[The two-year-old Ghani government has been
struggling to meet public demands for reform and improved living standards
while trying to beat back an aggressive Taliban insurgency, which has launched
repeated attacks in Kabul and other parts of the country this year. Until
Saturday, the Islamic State’s recruitment and armed operations had been
confined to a far eastern region near Pakistan’s border.]
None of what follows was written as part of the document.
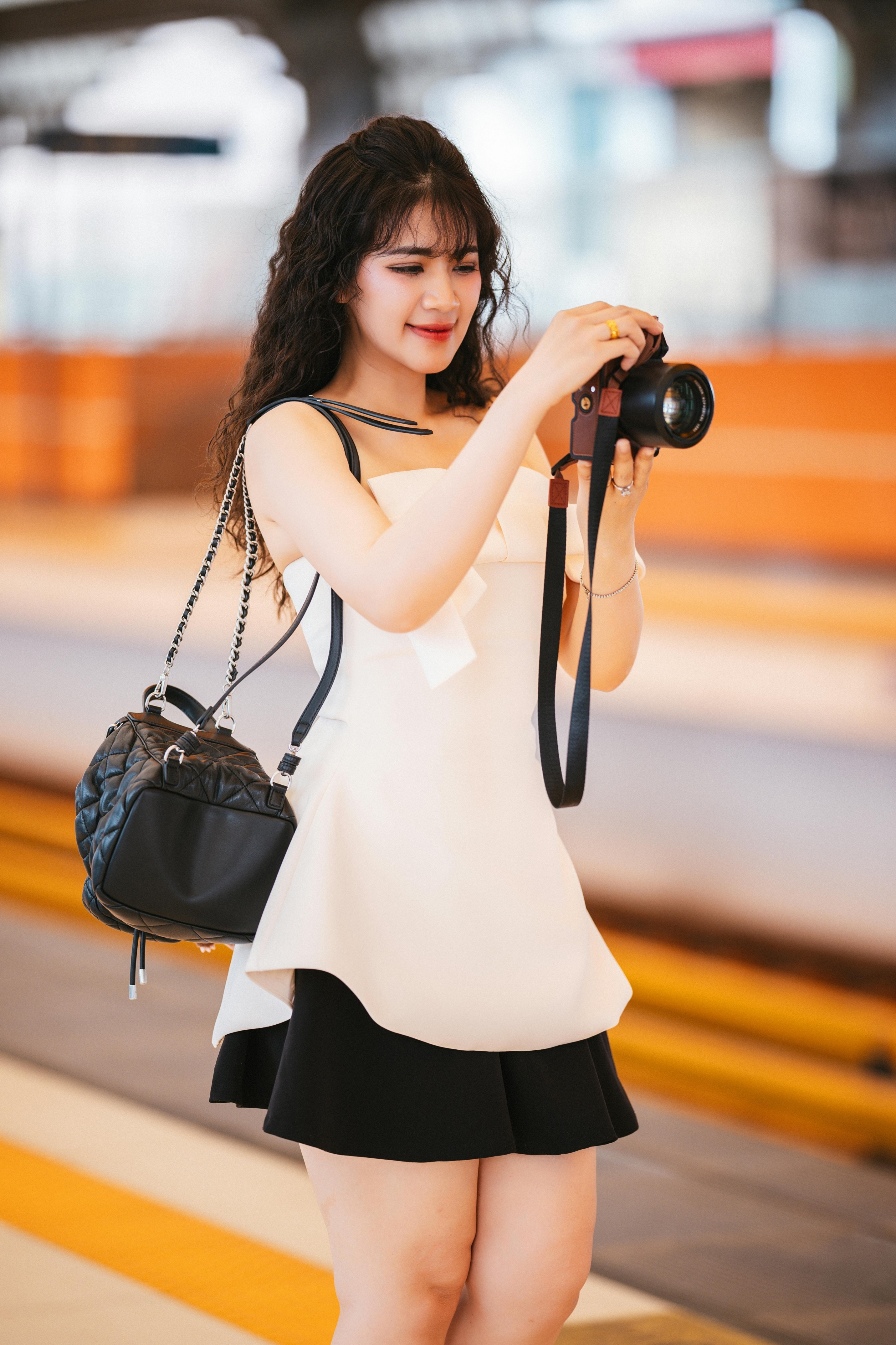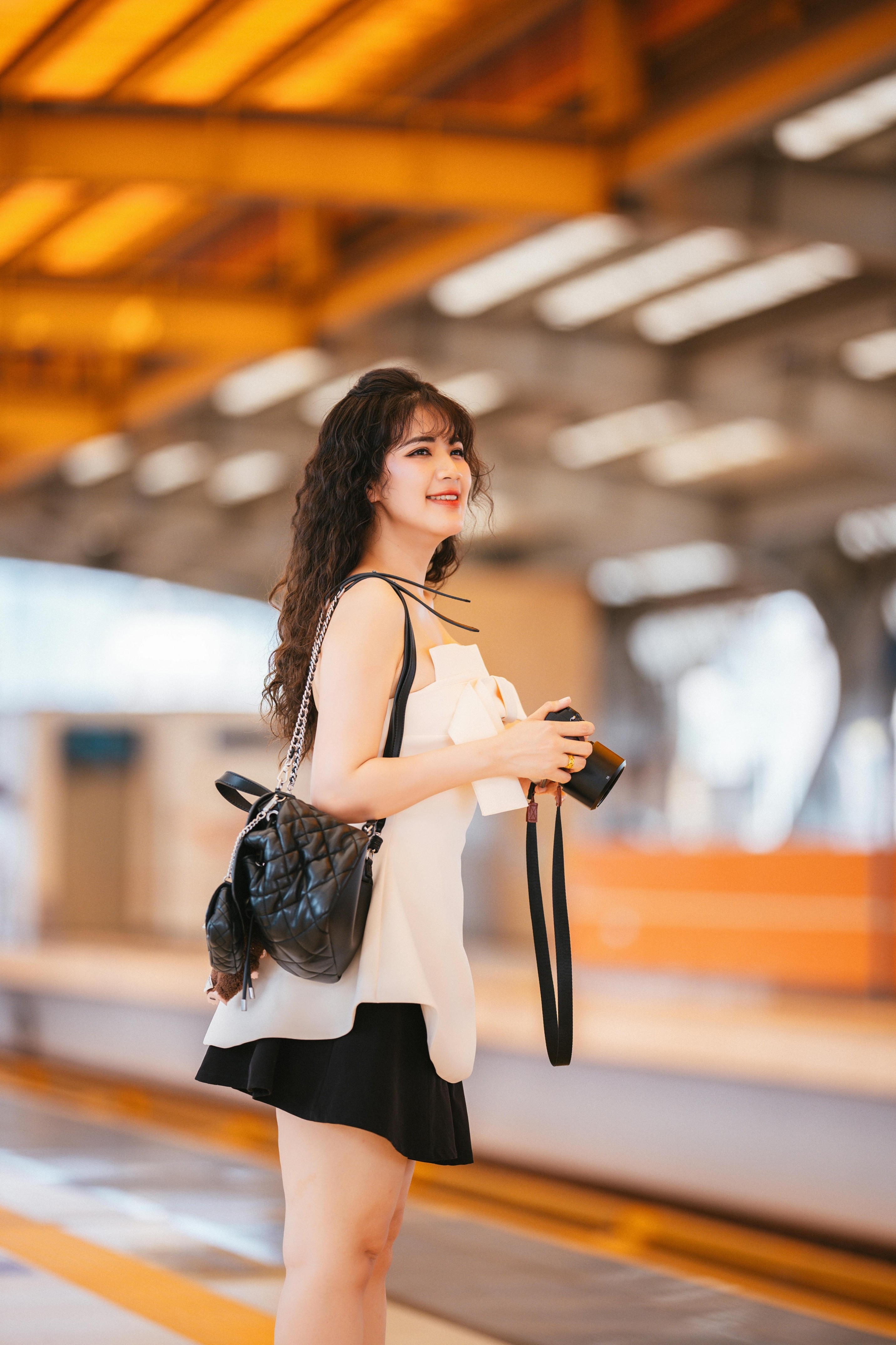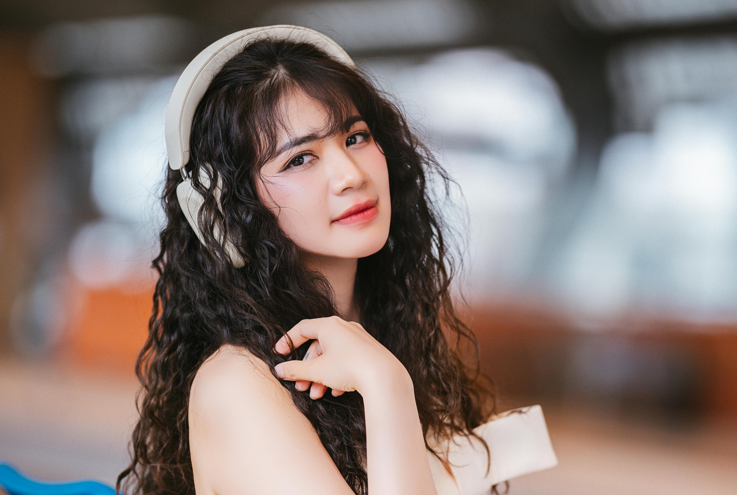 ✨ 抬手撩发、侧头看向镜头、握着相机的瞬间,每一个动作都自然又灵动。焦糖色的光影、蓝色座椅的撞色,让画面多了几分复古电影的质感,慵懒又带点小叛逆的气质,一下子就被镜头抓住了。

By Muhammad Sharif and Pamela
Constable
Men carry the coffin of a
victim on Sunday, one day after a suicide attack
killed more than 80 in
Kabul. (Mohammad Ismail/Reuters)
|
KABUL — Afghan President Ashraf Ghani on
Sunday ordered a 10-day ban on public protests after a suicide bombing claimed
by the Islamic State killed more than 80 people and wounded hundreds at a
peaceful demonstration here Saturday. The protesters, mostly members of the
Shiite ethnic Hazara minority, were demanding better access to electrical power
in several rural provinces.
But the devastating terrorist attack, the
deadliest in Kabul since the overthrow of Taliban extremist rule in 2001,
raised fears that sectarian violence could be unleashed in the Sunni-majority
Muslim country, deliberately fanned by the eruption of mass carnage in the
Afghan capital at the hands of the Islamic State, the Middle Eastern-based
Sunni group known here as Daesh.
“If Daesh has indeed conducted this attack as
they claim, then their first goal is clear: to kill the Shiites here as they
have been killing them in Iraq,” said Ahmad Zia Rafat, a professor at Kabul
University. “Their second goal is to create panic, destabilize society and put
pressure on the government.”
The two-year-old Ghani government has been
struggling to meet public demands for reform and improved living standards
while trying to beat back an aggressive Taliban insurgency, which has launched
repeated attacks in Kabul and other parts of the country this year. Until
Saturday, the Islamic State’s recruitment and armed operations had been
confined to a far eastern region near Pakistan’s border.
Earlier this month, President Obama announced
he was slowing the planned withdrawal of U.S. troops from Afghanistan, leaving
about 8,400 in the country through the end of 2017. His move was supported by
numerous military officials and experts, who said Afghan forces were not yet
prepared to defeat the Taliban on their own and that the United States needed
to reinforce its message of long-term commitment to the country. Most U.S.
troops are involved in training or counterinsurgency.
Now, with both the Islamic State and the
long-oppressed Hazara minority flexing their muscles, the Ghani government must
deal with a new source of potential upheaval and seek to ensure that
Afghanistan’s Western-backed war does not veer into sectarian conflict.
Even as Ghani declared Sunday a day of
national mourning and Hazara community members buried dozens of victims in a
hastily dug mass grave southwest of the capital, some Hazara leaders blamed the
president for failing to protect their gathering and said they would press on
with their demands despite the ban on protests.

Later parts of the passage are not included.